Problem requirements: All of the data below must be reproduced word for word, but without its images.

Recorded information:

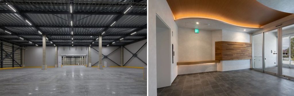 倉庫スペックは、床荷重1.5トン/平方メートル、梁下天井高5.5メートル(最上階は6.5メートル)、柱スパン10メートル以上とし、垂直搬送機・荷物用エレベーターを各2基設置。ニーズに応じたサイズでの貸し出しも可能とされ、小売や食品業界、半導体関連企業の物流拠点としても対応可能としている。
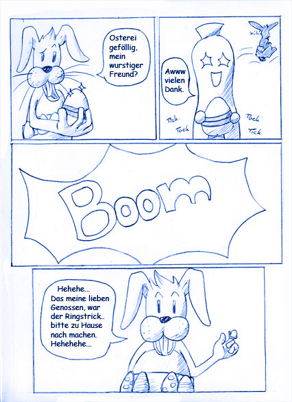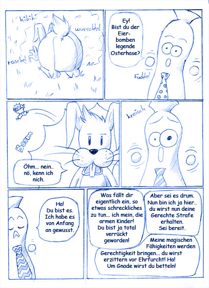 Die netten Wustköpfe, die knallenden Farben und diese "Deus-ex-machina"eske Story. Vorallem der Typ, der bei der Eiersuche hinter das Panel schaut ist klasse. Und die Leute, die rechtzeitig abgegeben haben, kriegen von mir schon allein aus Prinzip volle Punktzahl
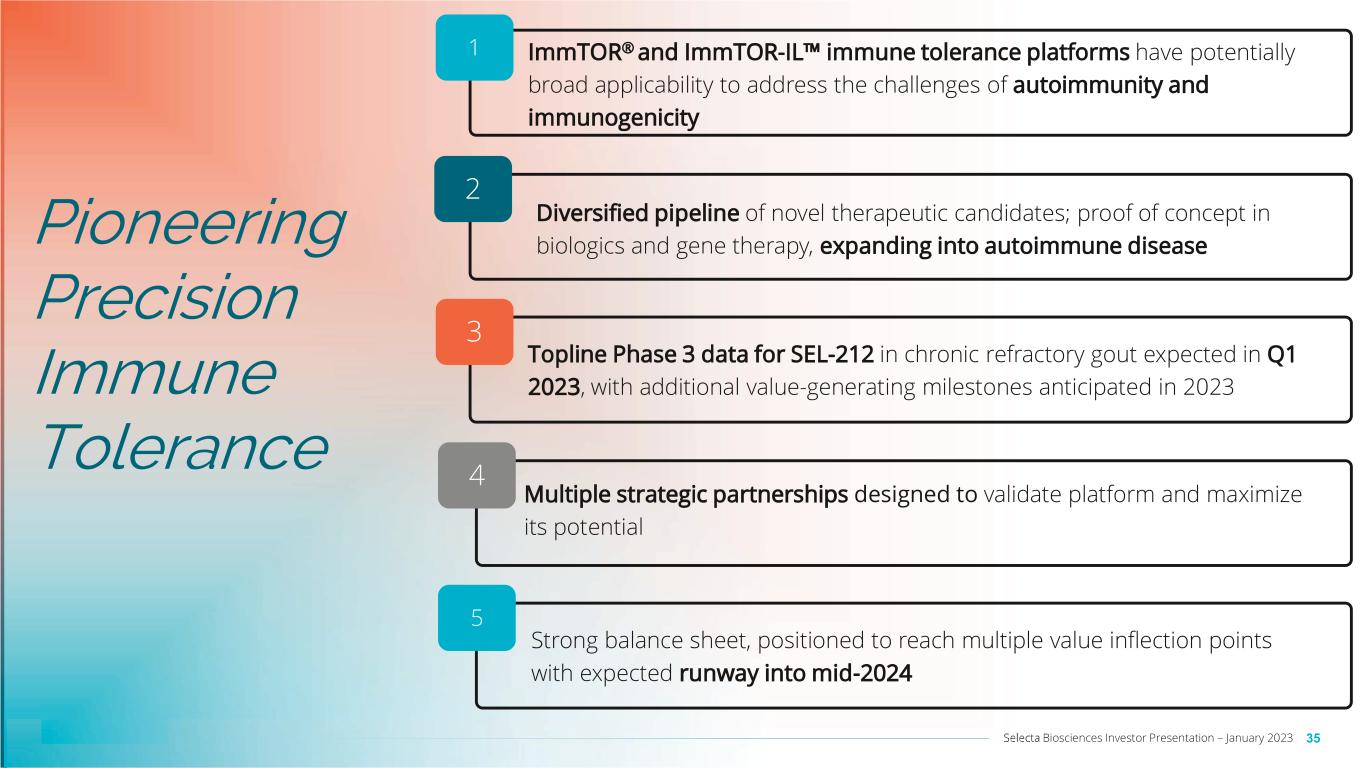 34Selecta Biosciences Investor Presentation – January 2023 1. Unaudited 2. Includes cash, cash equivalents, marketable securities and restricted cash. Key 2023 milestones: Licensed next-generation IgG protease candidate, Xork, for development with AT845, Astellas Gene Therapies’ investigational product for the treatment of Pompe Disease Report top-line data from Phase 3 DISSOLVE I & II programs of SEL-212 in chronic refractory gout in Q1 2023 Preliminary Phase 1 SEL-302 data in gene therapy for MMA Initiate IND enabling studies with the selected IL-2 candidate to further advance and expand the immune tolerance platform in autoimmune disease Initiate IND enabling studies with the selected IgA protease candidate from IGAN Biosciences Positioned for growth in 2023 ~$148.0 MILLION(1) Cash on hand as of September 30, 2022(2) Current funding expected to extend into mid 2024 and is expected to support anticipated development across pipeline programs including:
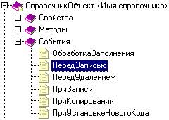 Например, с функционированием объекта прикладного решения Справочник связан ряд событий, среди которых есть событие ПередЗаписью:

Solved exercise:
 倉庫スペックは、床荷重1.5トン/平方メートル、梁下天井高5.5メートル(最上階は6.5メートル)、柱スパン10メートル以上とし、垂直搬送機・荷物用エレベーターを各2基設置。ニーズに応じたサイズでの貸し出しも可能とされ、小売や食品業界、半導体関連企業の物流拠点としても対応可能としている。
 Die netten Wustköpfe, die knallenden Farben und diese "Deus-ex-machina"eske Story. Vorallem der Typ, der bei der Eiersuche hinter das Panel schaut ist klasse. Und die Leute, die rechtzeitig abgegeben haben, kriegen von mir schon allein aus Prinzip volle Punktzahl
 34Selecta Biosciences Investor Presentation – January 2023 1. Unaudited 2. Includes cash, cash equivalents, marketable securities and restricted cash. Key 2023 milestones: Licensed next-generation IgG protease candidate, Xork, for development with AT845, Astellas Gene Therapies’ investigational product for the treatment of Pompe Disease Report top-line data from Phase 3 DISSOLVE I & II programs of SEL-212 in chronic refractory gout in Q1 2023 Preliminary Phase 1 SEL-302 data in gene therapy for MMA Initiate IND enabling studies with the selected IL-2 candidate to further advance and expand the immune tolerance platform in autoimmune disease Initiate IND enabling studies with the selected IgA protease candidate from IGAN Biosciences Positioned for growth in 2023 ~$148.0 MILLION(1) Cash on hand as of September 30, 2022(2) Current funding expected to extend into mid 2024 and is expected to support anticipated development across pipeline programs including:
 Например, с функционированием объекта прикладного решения Справочник связан ряд событий, среди которых есть событие ПередЗаписью:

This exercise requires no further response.